* _Work request_
Starting with the line with "Продуктовый киоск по" in the entries below and going on through the line with "男性向けラノベタイトル風あだ名 | 『げじの憂鬱』 |", output every line exactly and nothing more. No pictures.

* _Records for the exercise_
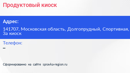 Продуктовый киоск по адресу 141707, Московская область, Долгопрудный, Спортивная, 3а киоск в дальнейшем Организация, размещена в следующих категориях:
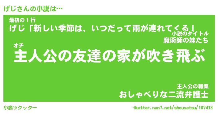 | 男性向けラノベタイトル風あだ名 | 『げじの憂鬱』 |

---

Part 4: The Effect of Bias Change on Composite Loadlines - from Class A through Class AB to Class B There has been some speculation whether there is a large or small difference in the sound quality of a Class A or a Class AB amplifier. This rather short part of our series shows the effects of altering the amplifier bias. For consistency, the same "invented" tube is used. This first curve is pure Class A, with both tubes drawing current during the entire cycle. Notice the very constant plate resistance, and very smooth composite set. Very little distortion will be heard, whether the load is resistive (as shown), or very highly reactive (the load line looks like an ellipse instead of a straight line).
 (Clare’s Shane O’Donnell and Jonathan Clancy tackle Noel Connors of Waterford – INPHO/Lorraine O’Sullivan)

==

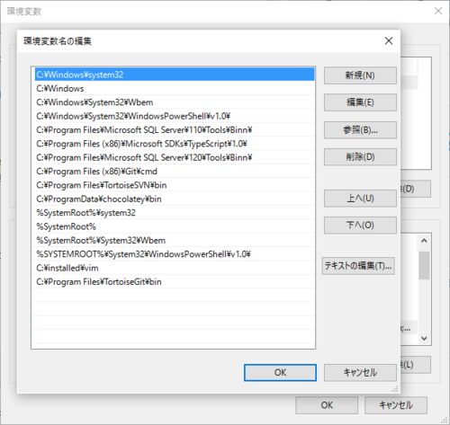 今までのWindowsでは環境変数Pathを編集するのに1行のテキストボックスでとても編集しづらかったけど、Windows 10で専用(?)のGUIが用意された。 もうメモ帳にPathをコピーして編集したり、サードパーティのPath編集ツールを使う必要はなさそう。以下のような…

* _Reply to the exercise_
 Продуктовый киоск по адресу 141707, Московская область, Долгопрудный, Спортивная, 3а киоск в дальнейшем Организация, размещена в следующих категориях:
 | 男性向けラノベタイトル風あだ名 | 『げじの憂鬱』 |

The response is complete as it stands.